(Data block)

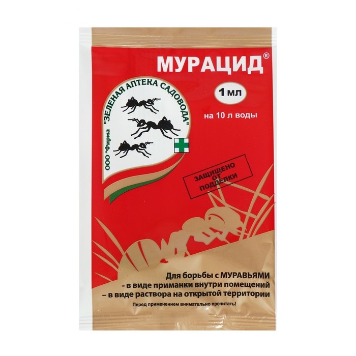 Препарат применяется для уничтожения черных садовых муравьев в отмосках домов, на дорожках, в муравейниках на участках и т.д. Места скопления муравьев и пути их передвижения поливают раствором Мурацида.Мурацид обладает сильным контактным и кишечным действием.Гибель муравьев наступает в течение 2-4 дней после применения. Длительность защитного действия препарата 2-3 месяца.
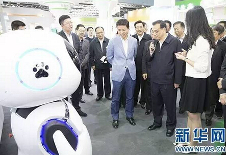 10月19日,中共中央政治局常委、國務院總理李克強在北京出席首屆“全國大眾創(chuàng)業(yè)萬眾創(chuàng)新活動周”,并考察主題展區(qū)。這是李克強在與百度公司自主研發(fā)的機器人交談。
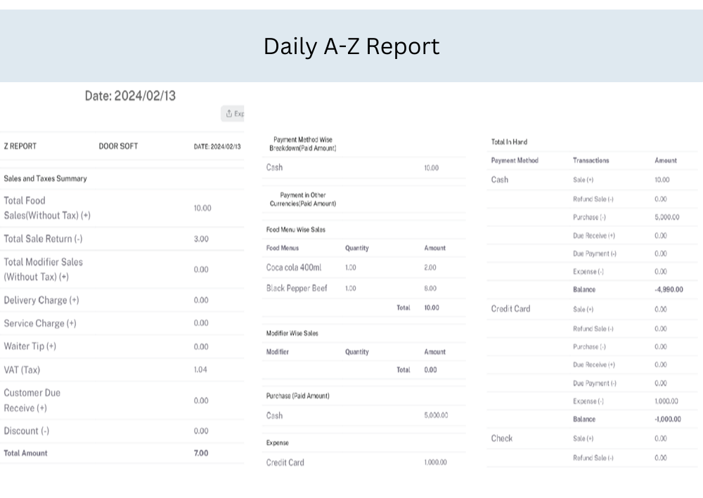 - Daily A-Z Report, Item Analysis Report, Profit/Loss Analysis
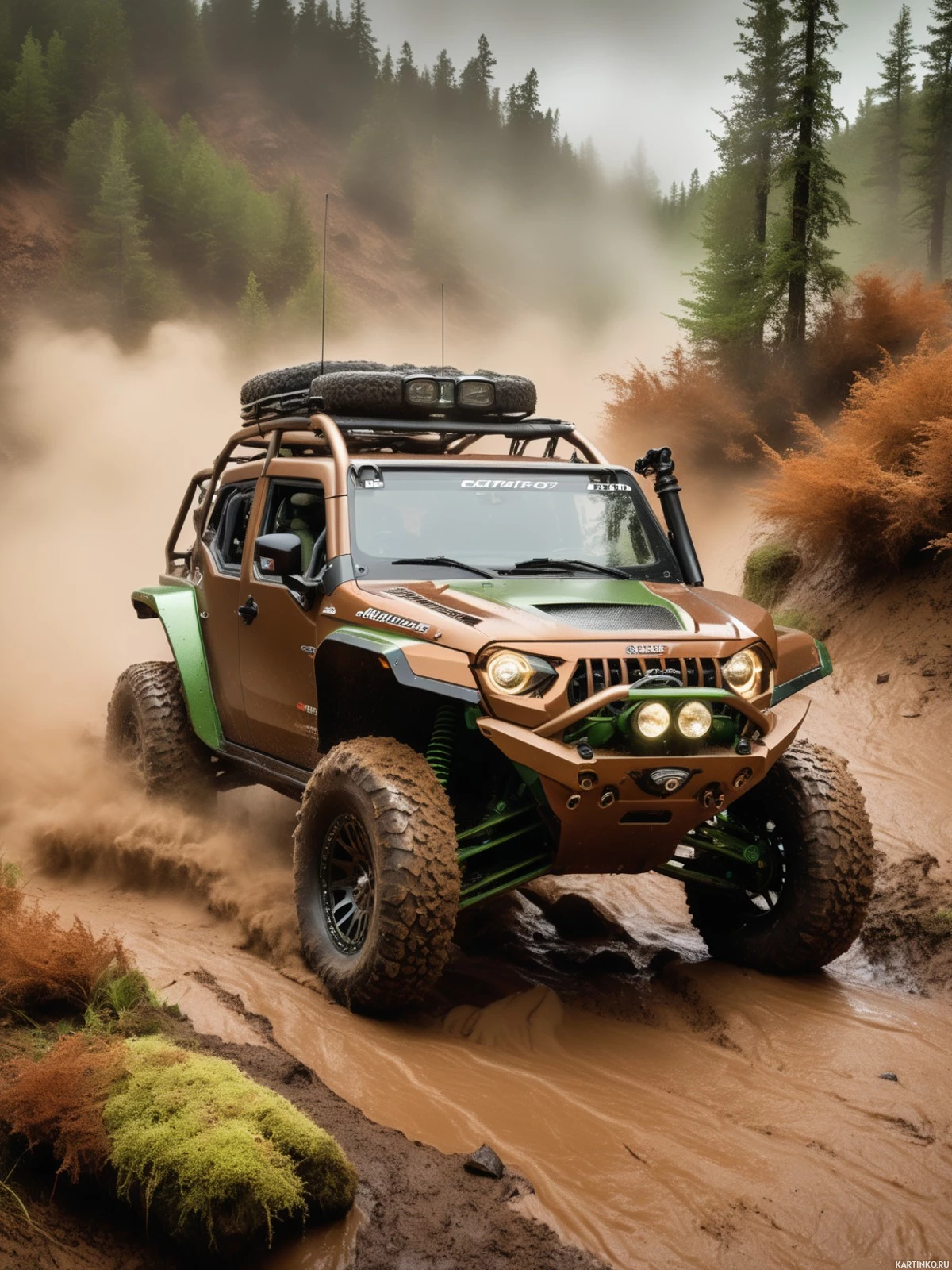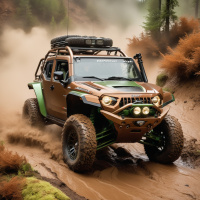 rugged terrains. There are visible trails of dust or mud being kicked up by the wheels. In the background, there appears to be

(End Data block)

_Work to be completed:_
Output the complete listing exactly. Pictures stay out.

_Your response:_
 Препарат применяется для уничтожения черных садовых муравьев в отмосках домов, на дорожках, в муравейниках на участках и т.д. Места скопления муравьев и пути их передвижения поливают раствором Мурацида.Мурацид обладает сильным контактным и кишечным действием.Гибель муравьев наступает в течение 2-4 дней после применения. Длительность защитного действия препарата 2-3 месяца.
 10月19日,中共中央政治局常委、國務院總理李克強在北京出席首屆“全國大眾創(chuàng)業(yè)萬眾創(chuàng)新活動周”,并考察主題展區(qū)。這是李克強在與百度公司自主研發(fā)的機器人交談。
 - Daily A-Z Report, Item Analysis Report, Profit/Loss Analysis
 rugged terrains. There are visible trails of dust or mud being kicked up by the wheels. In the background, there appears to be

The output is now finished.